#### MATERIAL SHOWN ####

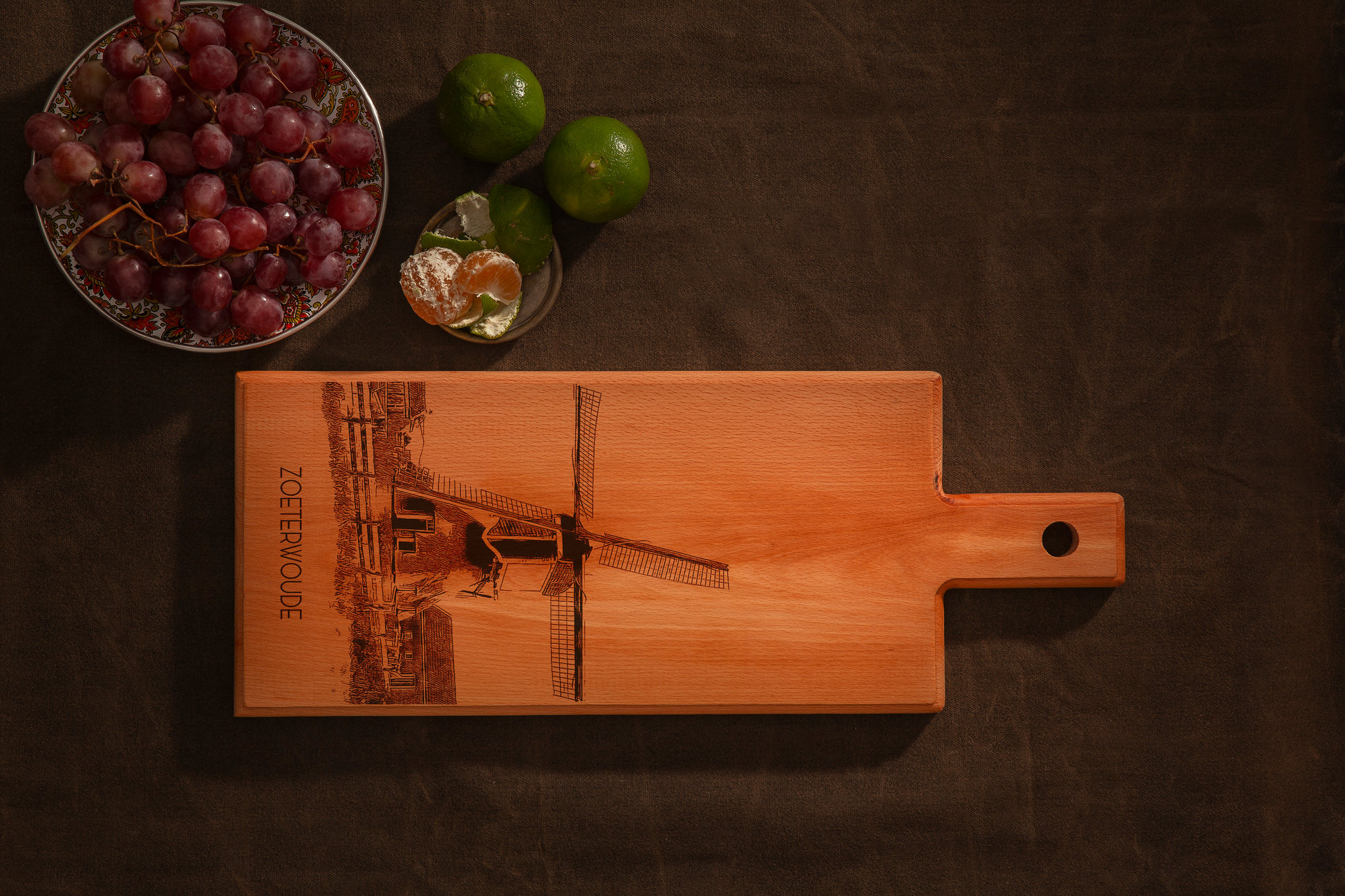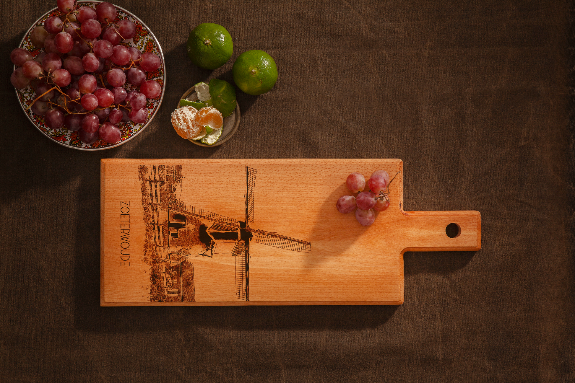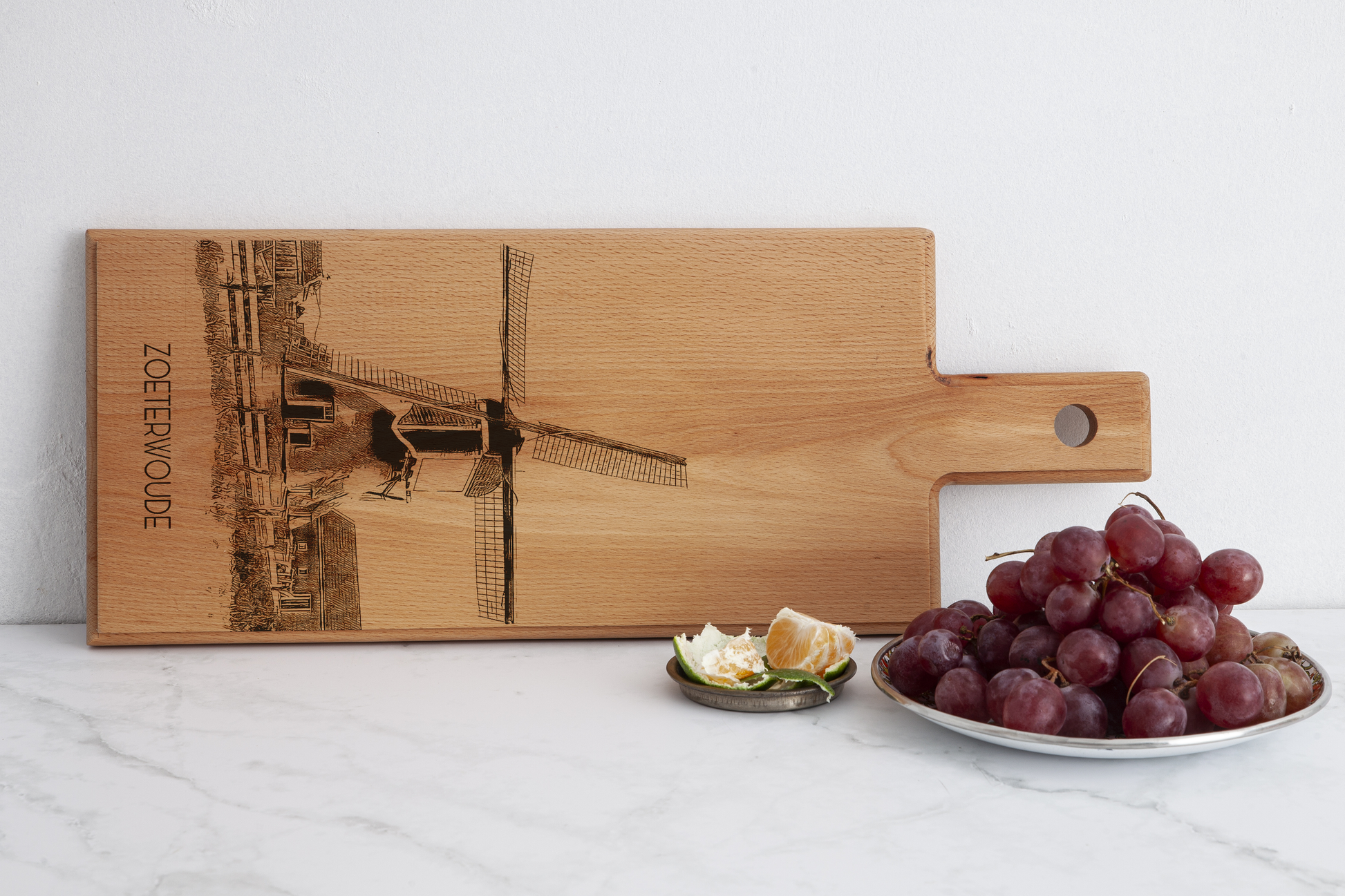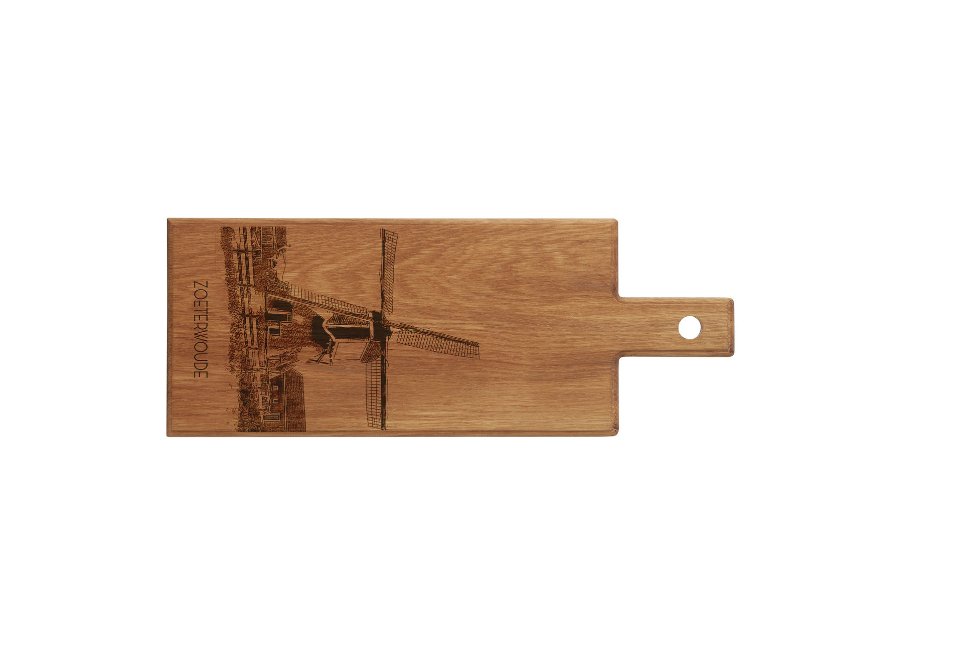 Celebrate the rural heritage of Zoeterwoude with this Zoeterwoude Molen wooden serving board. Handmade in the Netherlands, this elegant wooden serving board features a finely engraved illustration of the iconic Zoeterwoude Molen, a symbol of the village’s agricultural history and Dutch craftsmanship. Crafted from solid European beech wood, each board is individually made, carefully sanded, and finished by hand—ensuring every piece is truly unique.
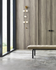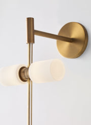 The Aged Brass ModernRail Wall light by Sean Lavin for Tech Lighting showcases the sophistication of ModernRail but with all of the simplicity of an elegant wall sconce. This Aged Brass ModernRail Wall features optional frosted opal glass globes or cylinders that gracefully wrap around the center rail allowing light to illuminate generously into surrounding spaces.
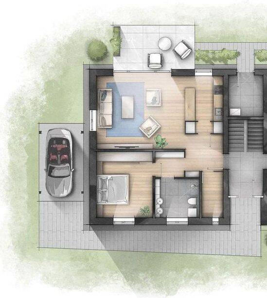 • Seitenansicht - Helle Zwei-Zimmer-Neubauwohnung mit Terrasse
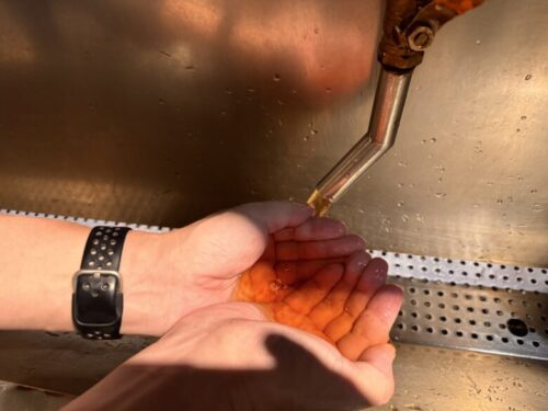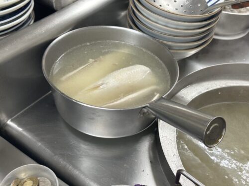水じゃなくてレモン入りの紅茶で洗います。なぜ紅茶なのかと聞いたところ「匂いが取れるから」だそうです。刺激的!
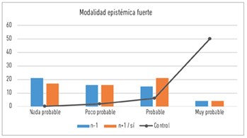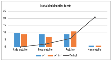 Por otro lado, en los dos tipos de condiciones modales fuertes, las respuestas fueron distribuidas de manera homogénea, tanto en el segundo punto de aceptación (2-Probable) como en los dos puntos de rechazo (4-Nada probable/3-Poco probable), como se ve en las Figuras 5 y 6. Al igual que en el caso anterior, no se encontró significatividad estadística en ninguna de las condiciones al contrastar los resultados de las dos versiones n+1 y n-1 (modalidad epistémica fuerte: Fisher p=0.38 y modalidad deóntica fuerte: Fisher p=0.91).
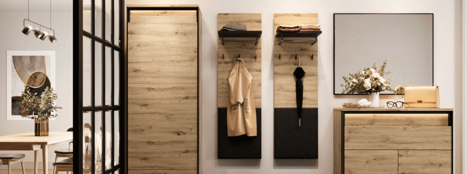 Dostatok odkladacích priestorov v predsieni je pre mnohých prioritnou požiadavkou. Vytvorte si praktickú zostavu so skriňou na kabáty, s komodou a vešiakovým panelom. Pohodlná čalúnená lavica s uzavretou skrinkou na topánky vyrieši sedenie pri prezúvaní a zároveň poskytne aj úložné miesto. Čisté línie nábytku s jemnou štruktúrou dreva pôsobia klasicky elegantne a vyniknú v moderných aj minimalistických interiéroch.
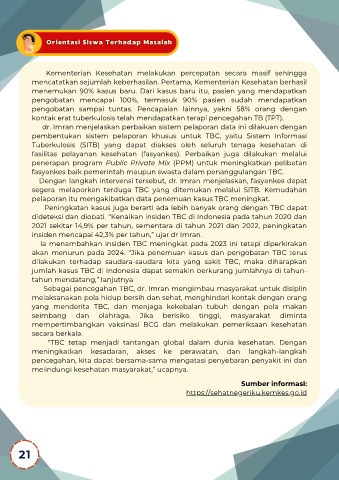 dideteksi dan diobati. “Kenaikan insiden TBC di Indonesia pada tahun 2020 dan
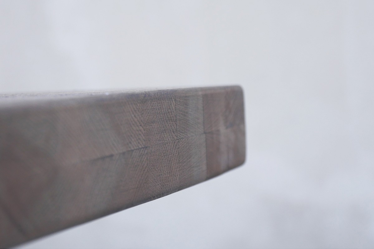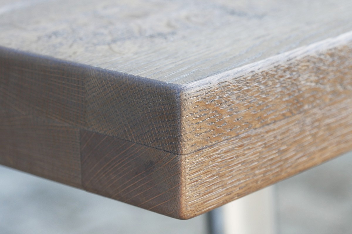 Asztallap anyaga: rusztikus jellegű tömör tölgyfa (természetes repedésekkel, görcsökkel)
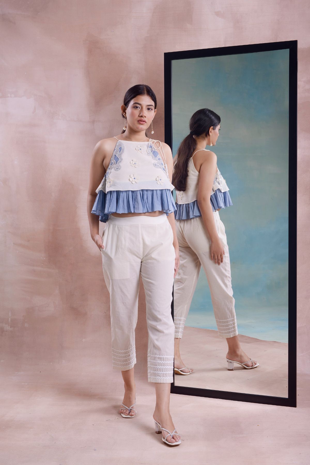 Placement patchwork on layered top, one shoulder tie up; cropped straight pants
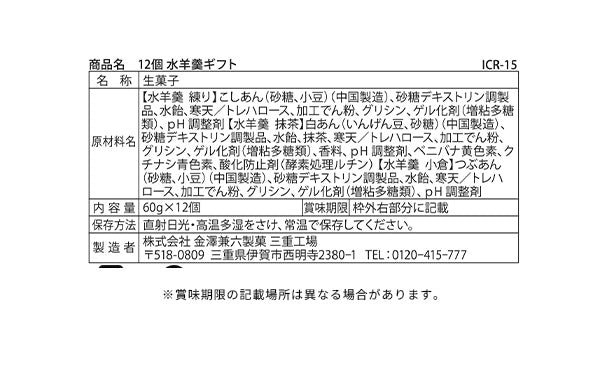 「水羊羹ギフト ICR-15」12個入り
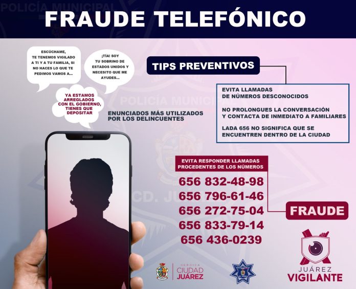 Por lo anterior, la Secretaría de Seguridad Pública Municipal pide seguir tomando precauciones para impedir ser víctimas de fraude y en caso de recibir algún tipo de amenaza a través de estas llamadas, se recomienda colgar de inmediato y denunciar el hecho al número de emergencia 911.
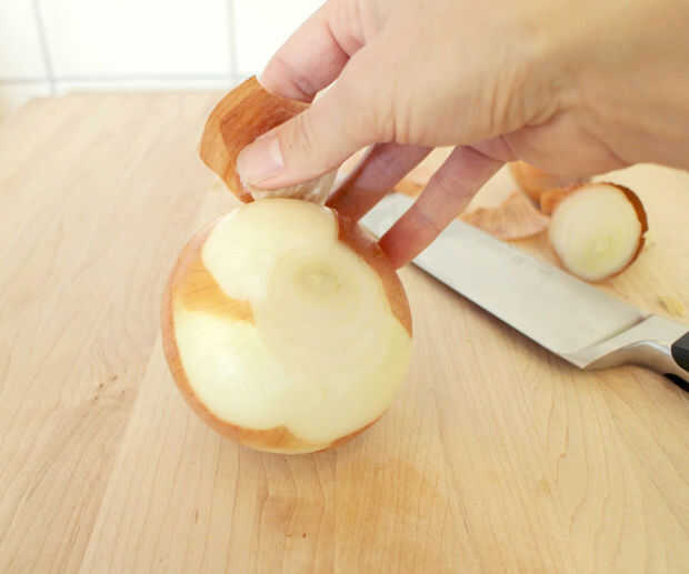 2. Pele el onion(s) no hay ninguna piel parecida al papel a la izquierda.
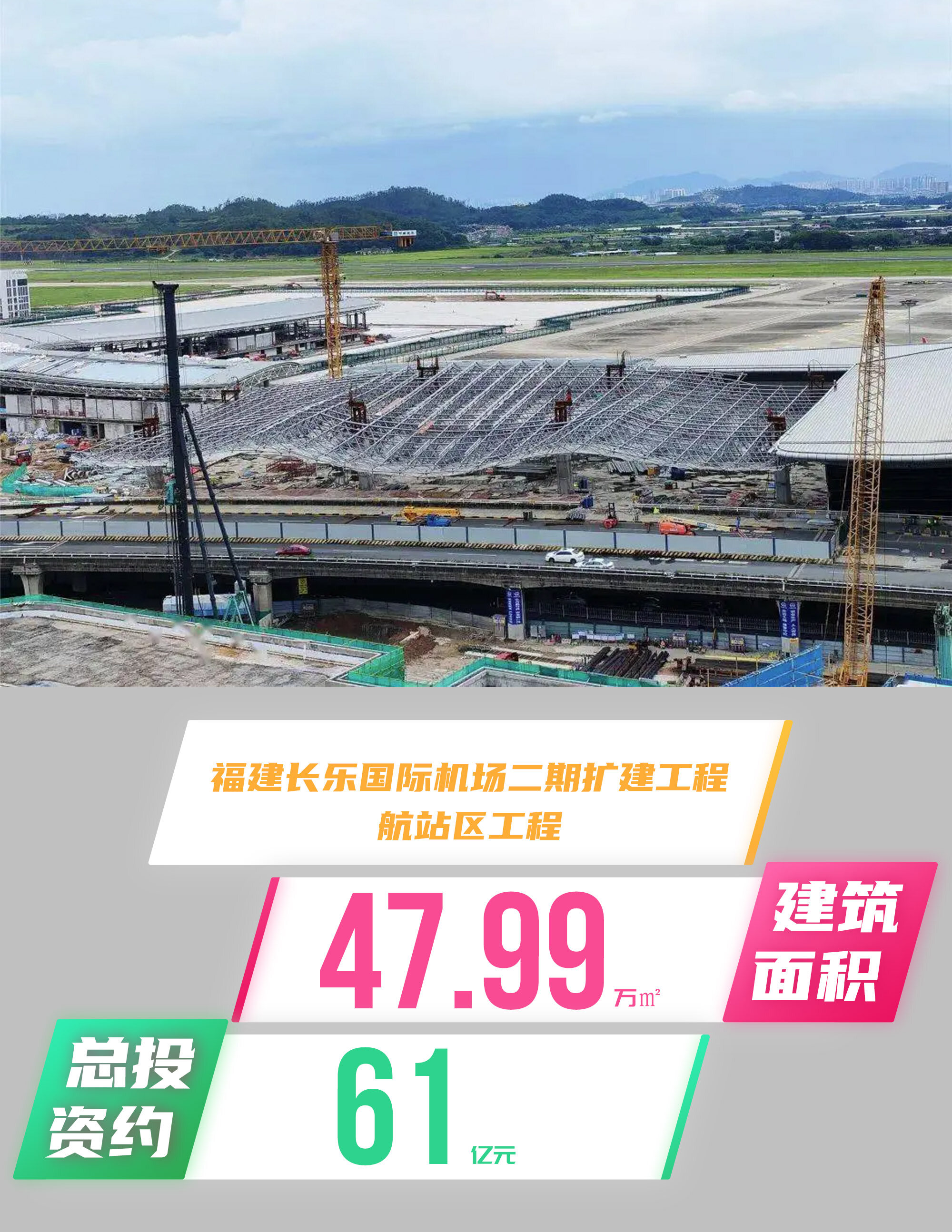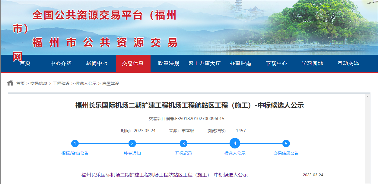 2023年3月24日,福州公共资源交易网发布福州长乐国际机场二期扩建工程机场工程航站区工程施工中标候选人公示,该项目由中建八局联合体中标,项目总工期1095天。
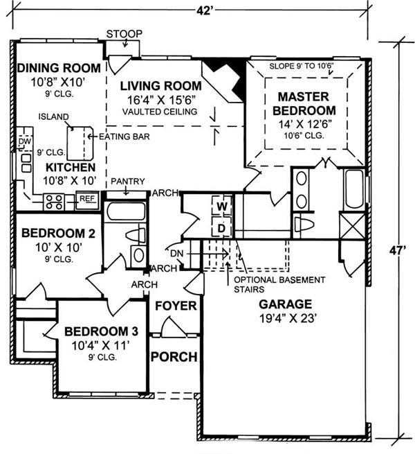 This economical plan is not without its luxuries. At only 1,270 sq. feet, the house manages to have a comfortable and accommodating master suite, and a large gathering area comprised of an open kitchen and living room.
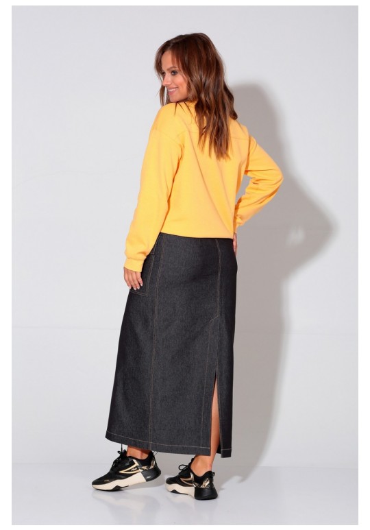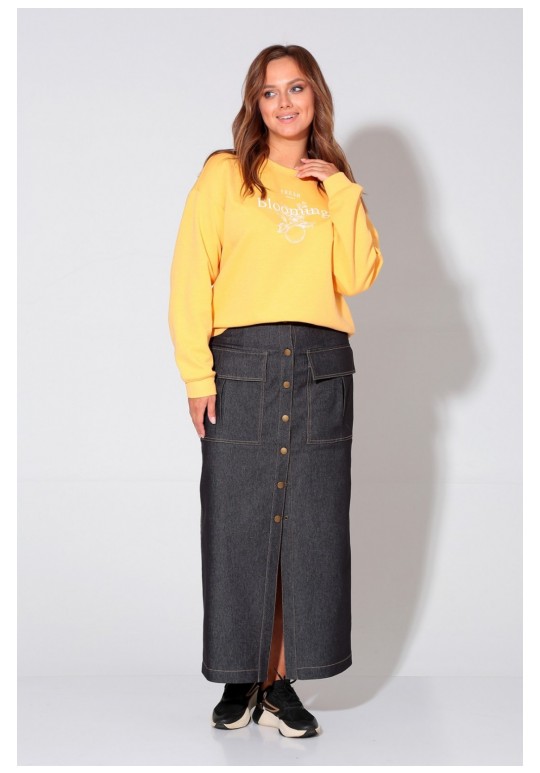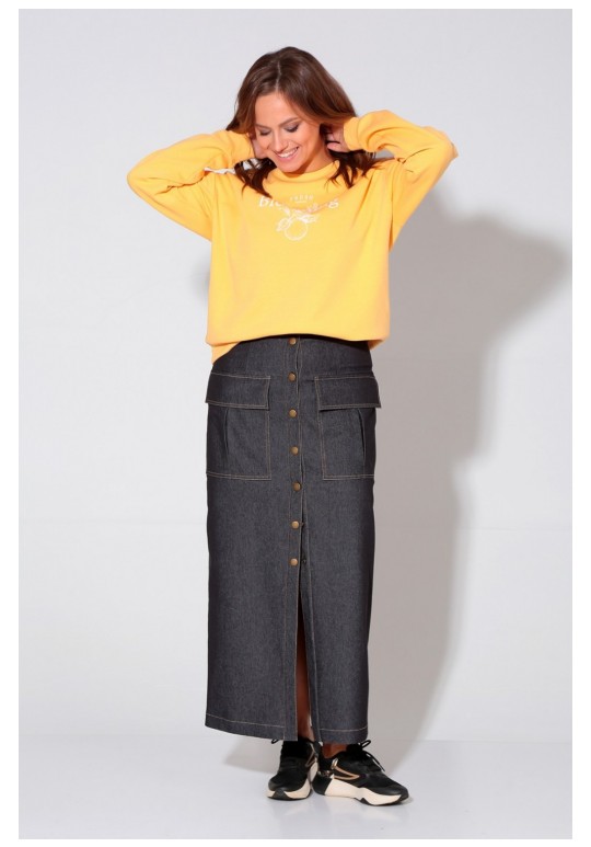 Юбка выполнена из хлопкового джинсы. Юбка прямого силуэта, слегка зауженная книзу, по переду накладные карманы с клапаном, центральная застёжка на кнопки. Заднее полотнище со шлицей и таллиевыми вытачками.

####

| PROBLEM TO WORK ON |
Take the lines from the one holding "Asztallap anyaga: rusztikus" through the last line of the data above and copy them exactly, both ends included, omitting all pictures.

| WRITTEN ANSWER |
 Asztallap anyaga: rusztikus jellegű tömör tölgyfa (természetes repedésekkel, görcsökkel)
 Placement patchwork on layered top, one shoulder tie up; cropped straight pants
 「水羊羹ギフト ICR-15」12個入り
 Por lo anterior, la Secretaría de Seguridad Pública Municipal pide seguir tomando precauciones para impedir ser víctimas de fraude y en caso de recibir algún tipo de amenaza a través de estas llamadas, se recomienda colgar de inmediato y denunciar el hecho al número de emergencia 911.
 2. Pele el onion(s) no hay ninguna piel parecida al papel a la izquierda.
 2023年3月24日,福州公共资源交易网发布福州长乐国际机场二期扩建工程机场工程航站区工程施工中标候选人公示,该项目由中建八局联合体中标,项目总工期1095天。
 This economical plan is not without its luxuries. At only 1,270 sq. feet, the house manages to have a comfortable and accommodating master suite, and a large gathering area comprised of an open kitchen and living room.
 Юбка выполнена из хлопкового джинсы. Юбка прямого силуэта, слегка зауженная книзу, по переду накладные карманы с клапаном, центральная застёжка на кнопки. Заднее полотнище со шлицей и таллиевыми вытачками.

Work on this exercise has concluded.